= Henry C. Segal =

Former American journalist

Henry Clay Segal (October 27, 1900 – July 18, 1985, Cincinnati) long time journalist, editor of The American Israelite, part time correspondent to The New York Times among other works.

Segal was born October, 1900 in Chillicothe, Ross County, Ohio.
==Career==
He wrote in, was staff member of The Ohio State Lantern since 1918, was a member of honorary professional journalistic fraternity and graduated from Ohio State in 1922 and again in 1923 with degrees in Liberal Arts and Journalism.

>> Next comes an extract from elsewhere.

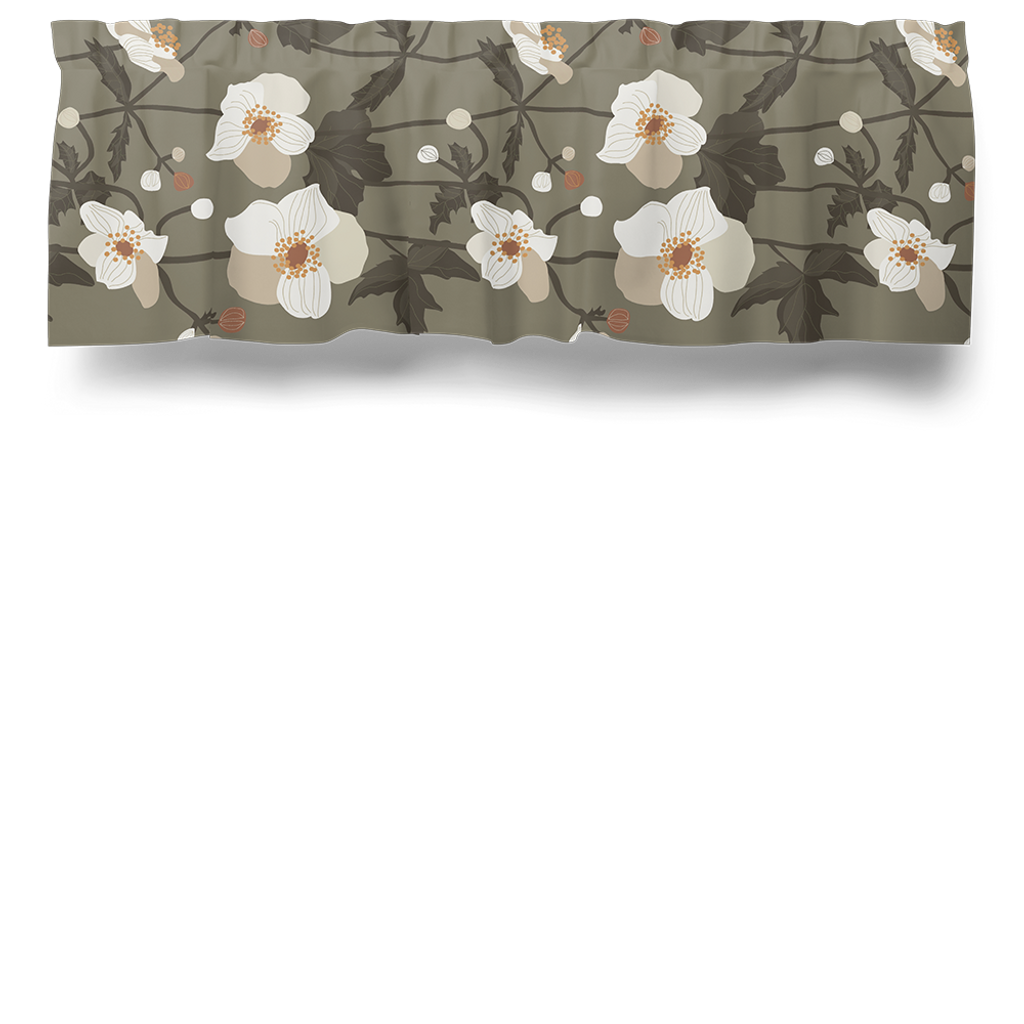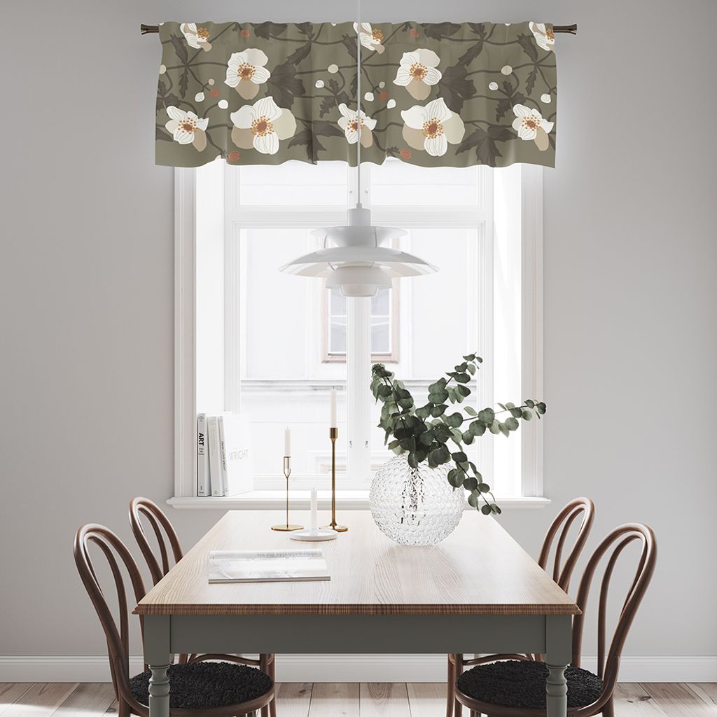 Anemon grön gardinkappa ett tryck med gröna blad och de små, subtila knoppar och blommor i vitt som kompletterar mönstret och skapar en harmonisk balans.

He began working soon after.

For a short period, Segal was a reporter for the Akron Press and between 1923 and 1938 worked at The Cincinnati Post.

In 1930, Segal, bought The American Israelite and was its editor since, for over 50 years.

Segal has been teaching journalism at the University of Cincinnati.

Segal worked as well at The Cincinnati Post, and as correspondent for The New York Times, part-time, for over three decades.

Throughout his career, Segal was active as well, in community activities.

==Personal life==
His brother was, Robert E. Segal, Boston community leader and activist.

His wife, Henriette, involved in philanthropic organization, died in 1954. Henry C Segal died in July 1985, in Cincinnati.